◆ Supplied entries
______
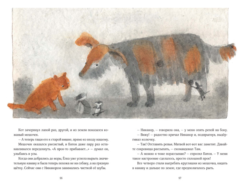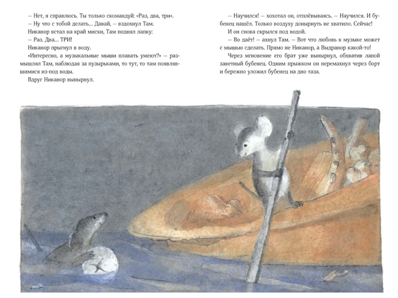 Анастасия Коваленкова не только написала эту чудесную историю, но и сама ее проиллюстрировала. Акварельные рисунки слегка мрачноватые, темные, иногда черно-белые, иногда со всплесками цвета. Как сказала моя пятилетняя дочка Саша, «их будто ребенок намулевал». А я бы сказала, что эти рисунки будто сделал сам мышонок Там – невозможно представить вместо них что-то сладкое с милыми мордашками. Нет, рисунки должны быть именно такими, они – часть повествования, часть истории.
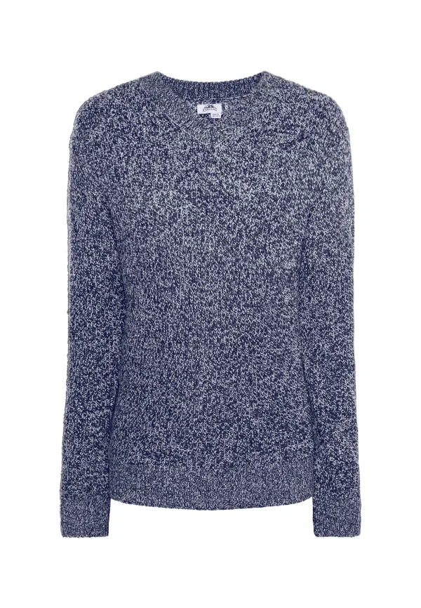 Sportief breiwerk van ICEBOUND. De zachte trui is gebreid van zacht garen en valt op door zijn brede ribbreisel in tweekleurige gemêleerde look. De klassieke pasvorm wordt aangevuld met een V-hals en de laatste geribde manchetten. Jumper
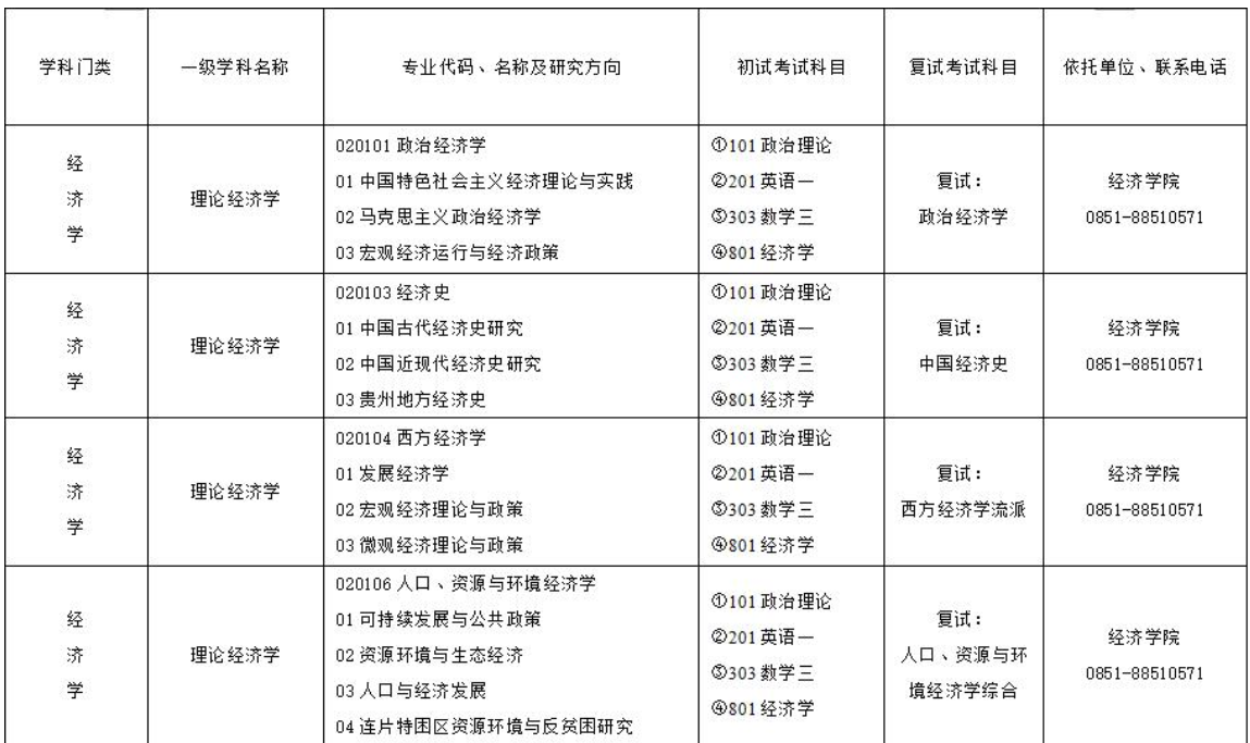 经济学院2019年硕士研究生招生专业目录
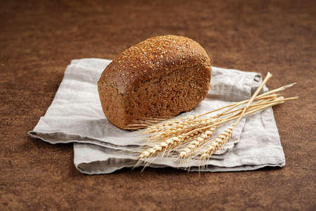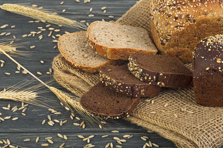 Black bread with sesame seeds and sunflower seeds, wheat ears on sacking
______
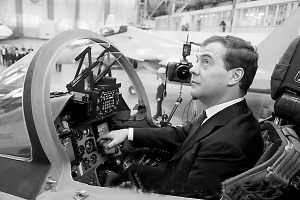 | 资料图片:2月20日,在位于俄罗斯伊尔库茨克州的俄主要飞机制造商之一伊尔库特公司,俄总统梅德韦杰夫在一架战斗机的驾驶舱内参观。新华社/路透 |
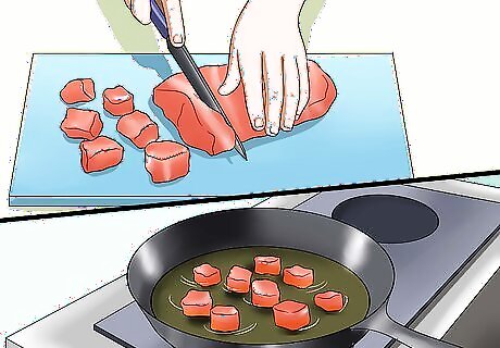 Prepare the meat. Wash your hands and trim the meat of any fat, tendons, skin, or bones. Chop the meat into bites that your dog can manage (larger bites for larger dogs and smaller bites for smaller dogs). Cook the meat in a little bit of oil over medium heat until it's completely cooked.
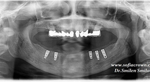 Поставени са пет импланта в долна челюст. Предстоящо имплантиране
______
◆ Action item
In the records above, find the line with "Prepare the meat." and the line with "Поставени са пет", then restate word for word only those two lines and all lines between, omitting pictures.

◆ Output for this exercise
 Prepare the meat. Wash your hands and trim the meat of any fat, tendons, skin, or bones. Chop the meat into bites that your dog can manage (larger bites for larger dogs and smaller bites for smaller dogs). Cook the meat in a little bit of oil over medium heat until it's completely cooked.
 Поставени са пет импланта в долна челюст. Предстоящо имплантиране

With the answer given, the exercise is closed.